Em celebração aos 150 anos da imigração italiana em Santa Catarina, o Portal Olhar do Vale lançou o projeto “Memórias à Mesa”, um web documentário em vídeo que promete emocionar e conectar gerações através da culinária e das histórias familiares. O primeiro episódio já está disponível no YouTube e apresenta a Dona Maria Salete Stedile, do Lajeado Alto, Guabiruba, preparando uma autêntica polenta com galinha caipira, revelando um verdadeiro banquete de lembranças e tradições.
O webdocumentário tem como objetivo preservar a rica história e cultura italiana, utilizando a culinária como um elo entre o passado e o presente. Cada episódio convida um descendente italiano a compartilhar suas memórias enquanto prepara uma receita tradicional herdada de seus antepassados. A produção, com alta qualidade audiovisual, garante uma experiência imersiva e visualmente impactante.
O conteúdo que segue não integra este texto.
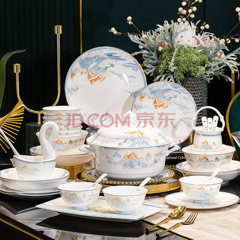 商品相册:浩雅86头景德镇陶瓷餐具碗碟套装碗具碗盘勺筷整套乔迁鸿运当头第

O Sabor da Tradição e a Força da Memória em Lajeado Alto
No coração de Lajeado Alto, um reduto de forte colonização italiana, a equipe do Olhar do Vale foi recebida por Dona Salete, que sempre morou na localidade, é descendente de tataravós que vieram da Itália em busca de uma vida melhor, há 150 anos. A realidade, no entanto, foi desafiadora. “Pelo que eles falaram, eles vieram com aquilo que eles iam ter uma vida melhor do que lá na Itália, né? Mas foi ao contrário, diz que quando chegaram aqui ficaram muito surpresos. Porque pegaram uma localidade que era muito moro, né? Não tinha nada preparado e aos poucos eles foram fazendo, cada um fazendo as suas casinhas. Era tudo gente simples”, relata Dona Salete, pintando um quadro da resiliência dos primeiros imigrantes.
A receita escolhida para o primeiro episódio não poderia ser mais representativa: polenta com galinha. O preparo, feito em um tradicional fogão a lenha, é uma ode à autenticidade da gastronomia italiana e à autossuficiência de uma época. “Desde o preparo da polenta, é o milho que nós plantamos aqui, aí a gente faz o fubá, né? Que a gente tem a tafona mesmo, né? E os temperos, a salada, o aipim, a batata, tudo que nós vamos fazer hoje aqui é plantado por nós aqui mesmo”, explica Dona Salete, ressaltando o ciclo completo da produção caseira.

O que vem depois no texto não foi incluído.